Oleh karena itu, regulasi yang kuat mengenai penggunaan AI dalam ilmu lingkungan merupakan keharusan moral dan hukum. Sektor ini memerlukan perlindungan, standar, dan mekanisme pengawasan yang jelas untuk mencegah keluaran AI yang salah atau tidak tepat sehingga tidak dapat mempengaruhi pengambilan keputusan. Ini membutuhkan:

  • protokol validasi untuk menangkap informasi palsu
  • batasan untuk mencegah chatbots mengesampingkan pengetahuan dan perspektif manusia
  • pengungkapan wajib riwayat perintah AI
  • standar untuk mendeskripsikan kumpulan data pelatihan sehingga model yang sesuai dapat dipilih.

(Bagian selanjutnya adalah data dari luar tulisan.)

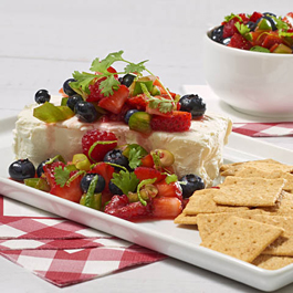 2. Refrigerate 10 min. 3. Place cream cheese on serving plate; top with berry mixture. 4. Serve with WHEAT THINS. Variation: Instead of spooning the berry mixture over the brick of cream cheese, spread the softened cream cheese onto the bottom of a pie plate before topping with the berry mixture. Nutritional information:

Ledakan AI menghadirkan peluang besar bagi konservasi jika kita menggunakan alat yang tepat dengan hati-hati. Jika kita mengganti penilaian manusia dengan otomatisasi yang tidak terkendali, kita berisiko menjadi alat dari sistem yang kita bangun.

Percakapan

Oleh Jeran Cloete, Dian Spear, Jessica da Silva, Lavhelesani Dembe Simba dan Peter J Carrick

Jeran Cloete adalah kandidat PhD di bidang ekologi konservasi dan entomologi di Universitas Stellenbosch. Dian Spear adalah ilmuwan peneliti senior di Universitas Stellenbosch. Jessica da Silva adalah ilmuwan utama di Institut Keanekaragaman Hayati Nasional Afrika Selatan. Lavhelesani Dembe Simba adalah dosen entomologi di Universitas Fort Hare. Peter J Carrick adalah peneliti kehormatan di Institut Komunitas dan Margasatwa di Afrika, untuk Universitas Cape Town.